Charged particle in higher dimensional weakly charged rotating black hole spacetime

TL;DR

This paper investigates the motion of charged particles around weakly charged higher-dimensional rotating black holes, demonstrating integrability and separability of equations of motion under specific electromagnetic configurations.

Contribution

It introduces a specific electromagnetic field configuration proportional to a primary Killing vector that renders the equations of motion integrable in higher-dimensional Kerr-NUT-(A)dS spacetimes.

Findings

Equations of motion are completely integrable for certain electromagnetic fields.

Hamilton-Jacobi and Klein-Gordon equations are separable in this setting.

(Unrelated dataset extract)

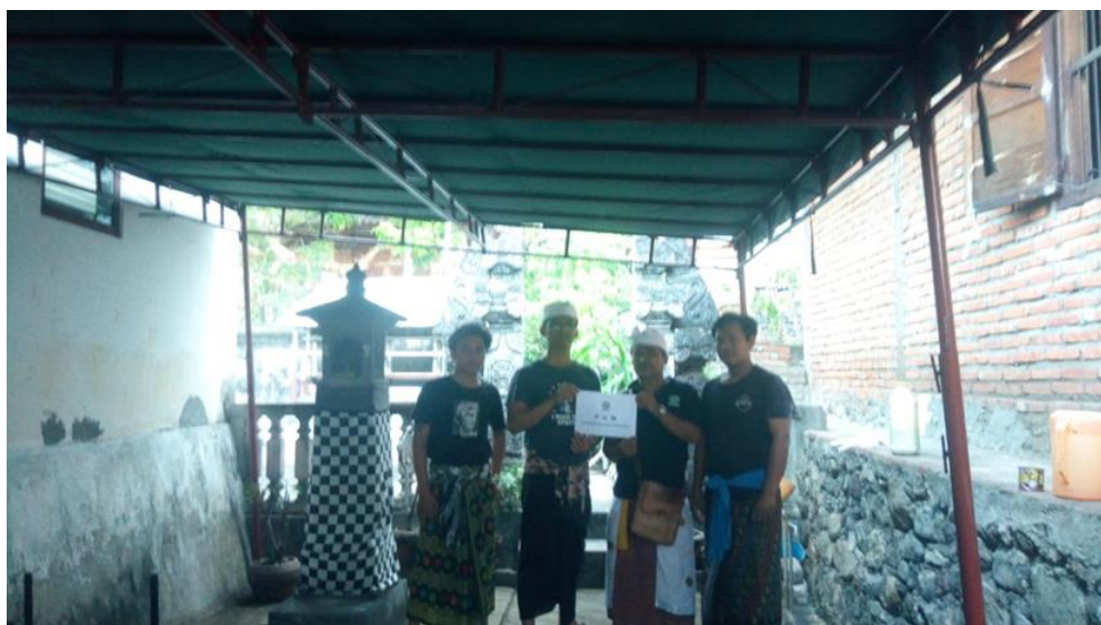
Gambar 3.3. Penyerahan tetaring Bale Gong

Setelah selesai dilakukan pemasangan tetaring Bale Gong yang dilakukan secara bersama-sama serta Krama Pura Sindetan sudah mengerti dan memahami cara memasang dan membongkar tetaring tersebut maka langkah berikutnya adalah penyerahan tetaring Bale Gong kepada Kelian dan Krama Pura Sindetan. Kegiatan ini dapat dilihat pada Gambar 3.3.

A full set of conserved quantities in involution is identified.

Abstract

We study charged particle motion in weakly charged higher dimensional black holes. To describe the electromagnetic field we use a test field approximation and use the higher dimensional Kerr-NUT-(A)dS metric as a background geometry. It is shown that for a special configuration of the electromagnetic field the equations of motion of charged particles are completely integrable. The vector potential of such a field is proportional to one of the Killing vectors (called primary Killing vector) from the `Killing tower' of symmetry generating objects which exists in the background geometry. A free constant in the definition of the adopted electromagnetic potential is proportional to the electric charge of the higher dimensional black hole. The full set of independent conserved quantities in involution is found. It is demonstrated, that Hamilton-Jacobi equations are separable, as well as the corresponding Klein-Gordon equation and its symmetry operators.